#### Required work
An exact reproduction is required of the lines from the beginning of the entries through the line with "Судебные приставы могут", pictures excluded and nothing added.

START Data

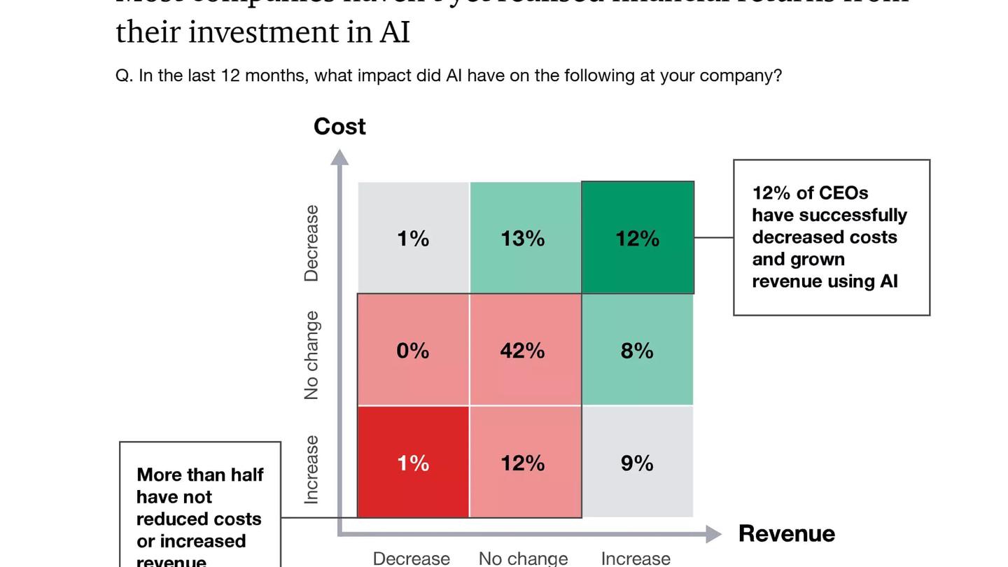 - Falta de beneficios: Según la última encuesta global de PwC, que consultó a 4,454 CEOs en 95 países, el 56% de los ejecutivos afirma no haber visto ningún beneficio financiero significativo de la adopción de la IA hasta la fecha.
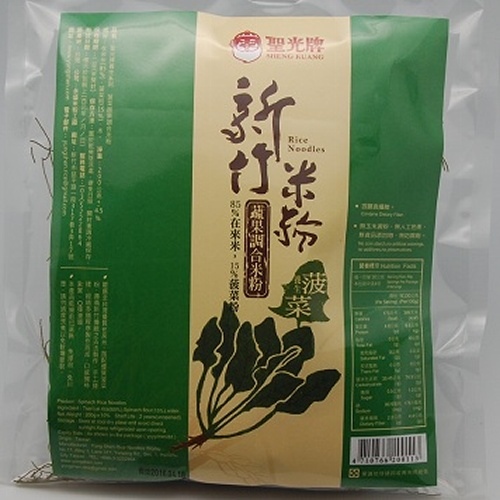 產品成分: 在來米(85%)、菠菜粉(15%)、水
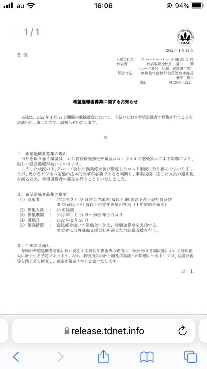 レジ袋屋さんが希望退職募集とか。売上激減してるけど損益はそこまで大赤字ではなくCFも出てるわ。持ちこたえてる。しかしなあ。政策一つで企業傾くし、言うてる本人は何とも思ってないのがなあ。
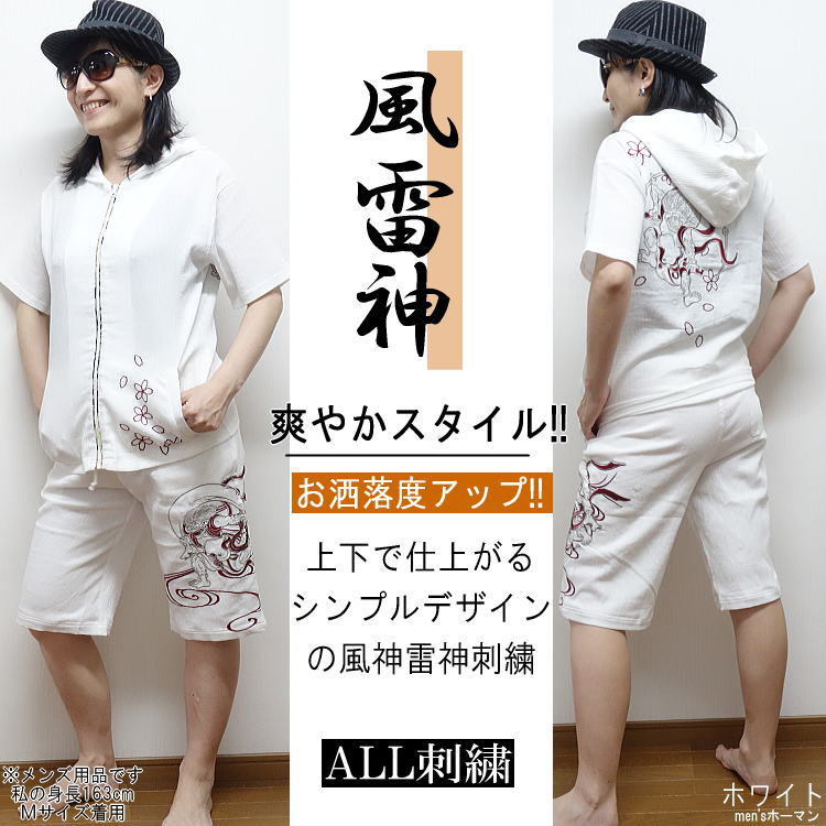 ▼絡繰魂31%OFF!風神雷神刺繍半袖半パンツ上下セットアップ!
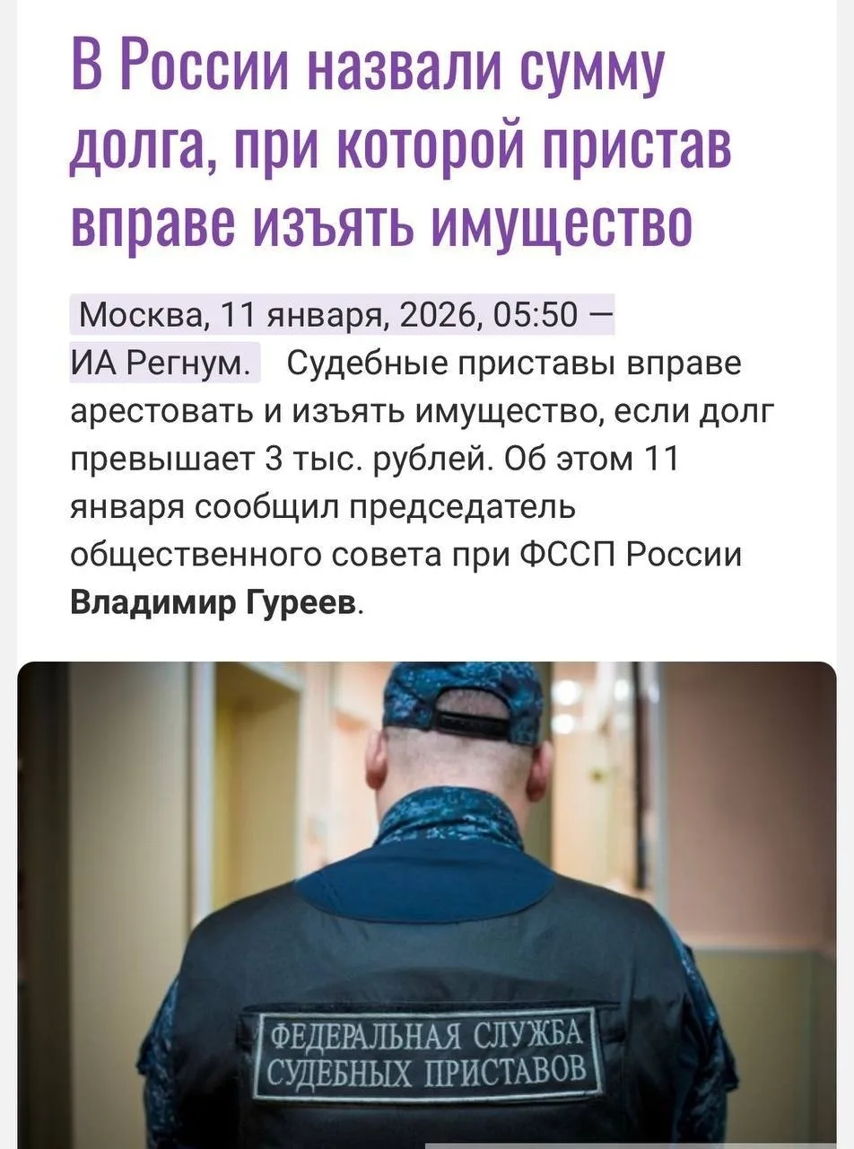 Судебные приставы могут изъять имущество гражданина при задолженности свыше трёх тысяч рублей. Как сообщил РИА Новости председатель общественного совета при ФССП России Владимир Гуреев, законодательство допускает арест имущества при такой сумме долга.
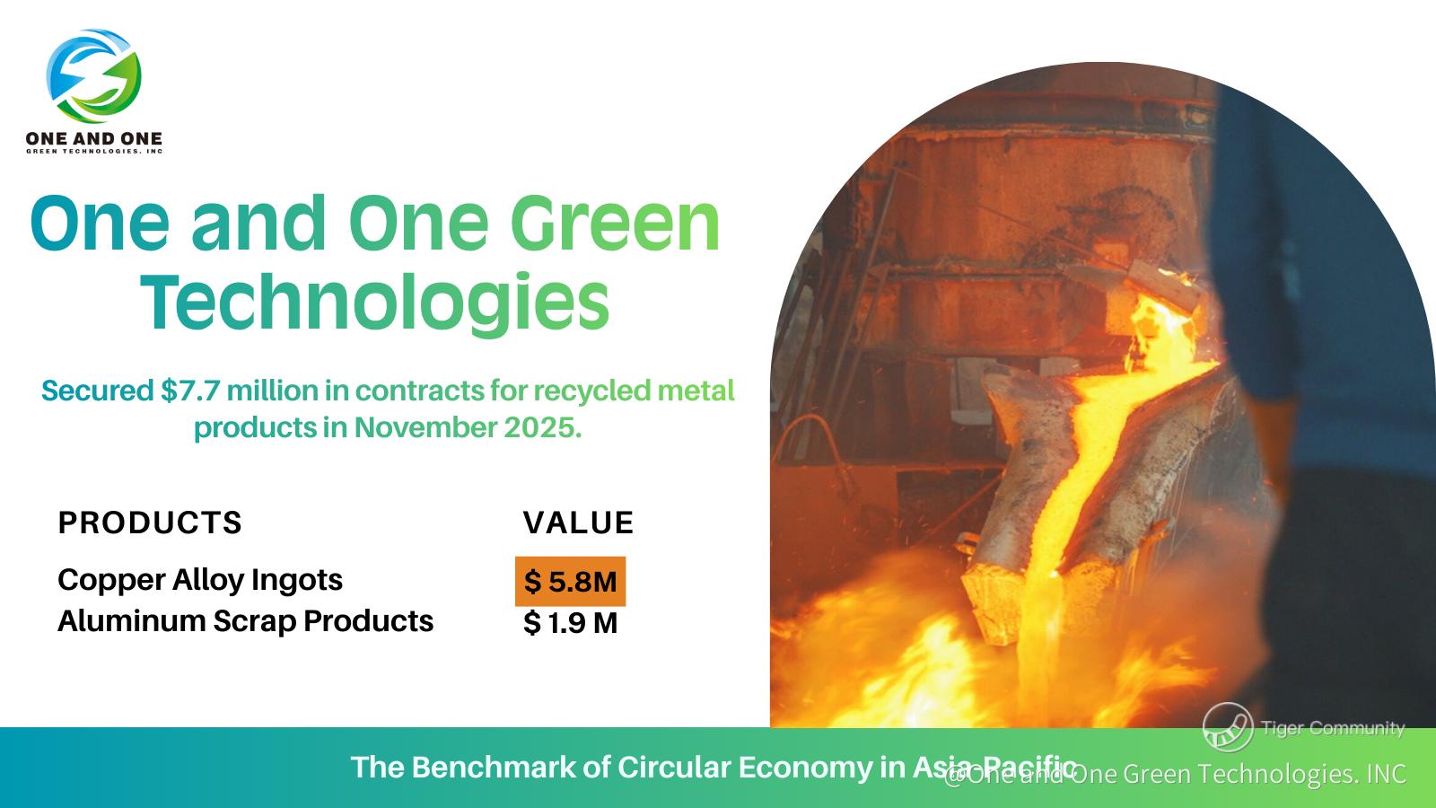 One and One Green Technologies, Inc. $One and one Green(YDDL)$ , a premier producer of recycled non-ferrous metals based in the Philippines, announced that it signed contracts totaling $7.7 million for its recycled metal products in November 2025. This represents a significant increase of $3.2 million compared to the same period last year, underscoring the robust demand for recycled materials among industrial customers in the Asia-Pacific region.
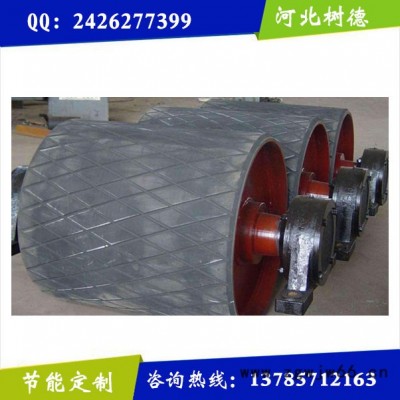 本系列传动滚筒根据承载能力分为轻型、中型和重型三种。其中轻型:轴与轮毂为单键联接的单附板焊接筒体结构。中型 : 轴与轮毂为胀套联接的单附板焊接筒体结构。重型:轴与轮毂为胀套联接,筒体为铸焊结构,有单向出轴和双向出轴两种。同一直径的滚筒有些还配备了几种轴颈和轴承座中心距。河北树德传动滚筒表面全部为胶面,其形状有左向人字型、右向人字形和菱形三种。用户需要光面传动滚筒时,需特殊订货。滚筒轴承座采用压注油嘴润滑。若采用集中润滑时需于订货是提出,我们会为客户另行配置油嘴。
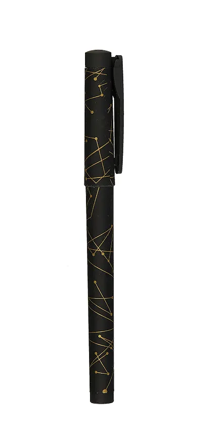 Купили ручку в подарок приятелю, чтобы дополнить подарок, в который входил ежедневник. Корпус ручки чёрный, с символами (созвездиями). Корпус бархатистый, но каких-либо "ляпов" На корпусе не остаётся. Выглядит стильно, пишет хорошо, чернила не мажут.
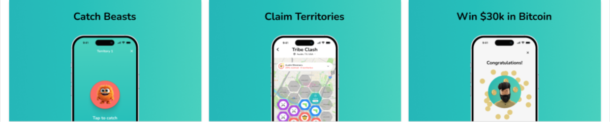 Each week Jippi will release a new Territory to be claimed. A Tribe member will explore that Territory with their phone, where they will discover a Bitcoin Beast to catch. If they successfully answer all Bitcoin quiz questions correctly the fastest, they will then catch that beast. The Tribe with the most Territories and Bitcoin Beasts at the end of the game will win $30k worth of Bitcoin to be dispersed equally to each Tribe member.
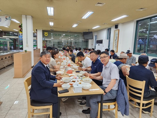 이날 행사는 자매결연을 맺은 구미시 선산읍 생곡리 마을 주민을 초청해 영화감상과 삼계탕을 대접하는 시간을 가졌다.
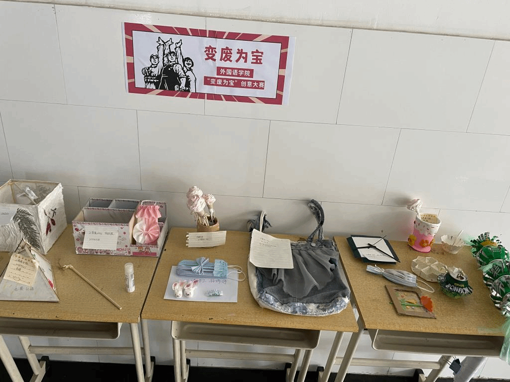 为了在大学生中倡导爱护环境、保护生态的意识,在消费的同时不忘环保,3月28日,外国语学院在逸夫楼A125举办“变废为宝”评选活动,部分学生会成员参与评选。
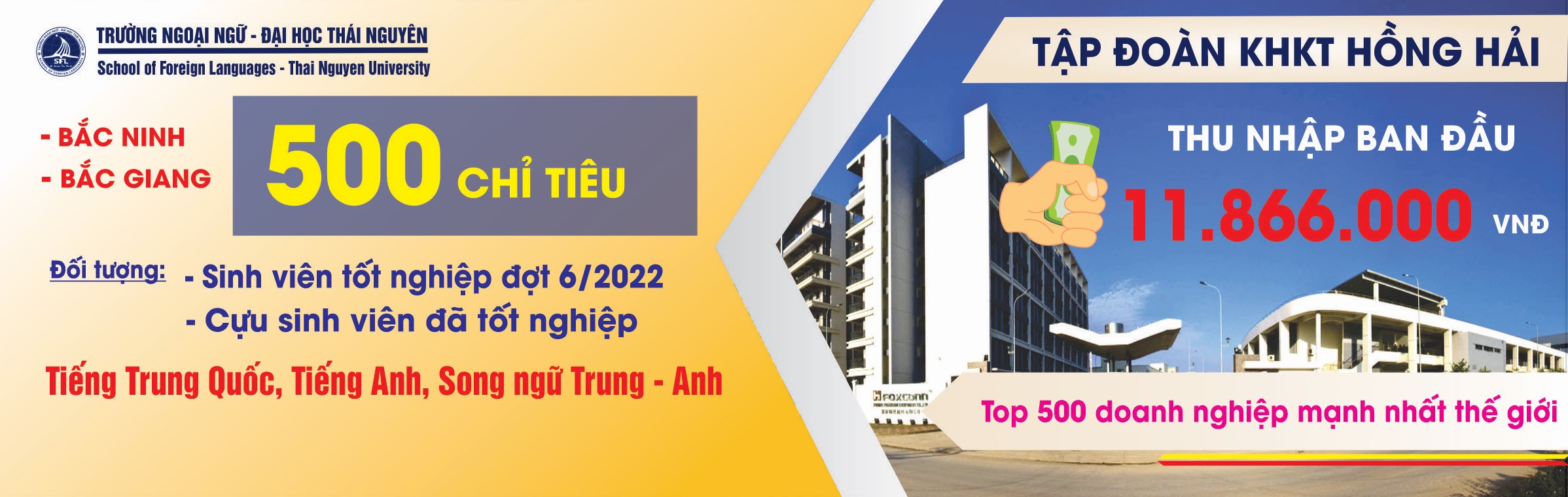 Căn cứ vào nhu cầu mở rộng và phát triển của Tập đoàn Khoa học Kỹ thuật Hồng Hải Việt Nam, cùng với việc thúc đẩy tôn chỉ “Nâng cao Khoa học kỹ thuật, đào tạo nhân tài và bản địa hóa nhân tài để phát triển lâu dài”. Năm nay, Tập đoàn Khoa học Kỹ thuật Hồng Hải Việt Nam đang có nhu cầu tuyển dụng 500 cán bộ nguồn chuyên ngành Tiếng Anh, Tiếng Trung, Song ngữ Trung Anh nhằm tăng cường vào đội ngũ cán bộ chất lượng cao của tập đoàn tại Việt Nam tại các cơ sở tập trung chủ yếu tại Bắc Ninh, Bắc Giang.
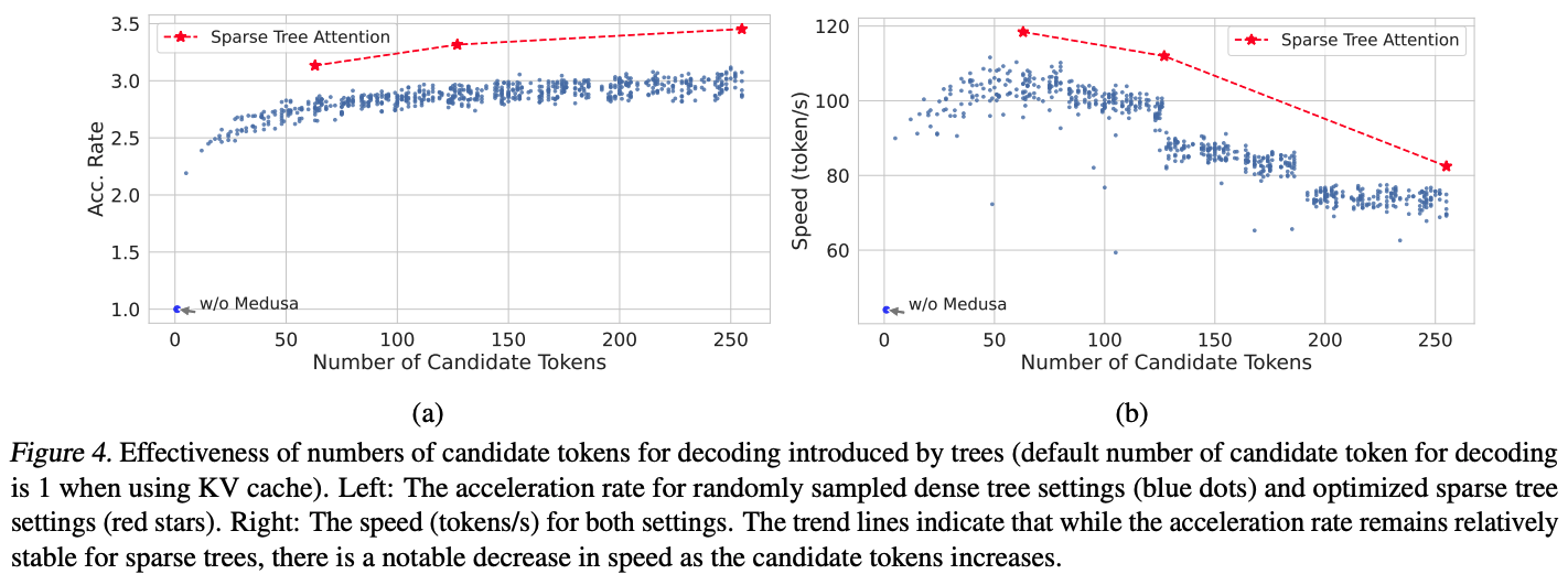 위 그래프는 tree attention에 대한 실험이다. 빨간 선은 최적화 된 sparse tree 구성이고, 파란 선은 무작위로 샘플링 된 dense tree 구성을 의미한다. (a) 그래프에서 sparse tree는 노드 수가 64개 밖에 되지 않음에도 256개의 노드를 가지는 dense tree보다 더 높은 성능 향상을 보여준다. (b) 그래프에서는 실제 토큰 생성 속도가 감소하는데, 이는 tree가 복잡해지면서 발생하는 계산량 증가로 인한 오버헤드가 원인이 된다.

END Data

#### Exercise result
 - Falta de beneficios: Según la última encuesta global de PwC, que consultó a 4,454 CEOs en 95 países, el 56% de los ejecutivos afirma no haber visto ningún beneficio financiero significativo de la adopción de la IA hasta la fecha.
 產品成分: 在來米(85%)、菠菜粉(15%)、水
 レジ袋屋さんが希望退職募集とか。売上激減してるけど損益はそこまで大赤字ではなくCFも出てるわ。持ちこたえてる。しかしなあ。政策一つで企業傾くし、言うてる本人は何とも思ってないのがなあ。
 ▼絡繰魂31%OFF!風神雷神刺繍半袖半パンツ上下セットアップ!
 Судебные приставы могут изъять имущество гражданина при задолженности свыше трёх тысяч рублей. Как сообщил РИА Новости председатель общественного совета при ФССП России Владимир Гуреев, законодательство допускает арест имущества при такой сумме долга.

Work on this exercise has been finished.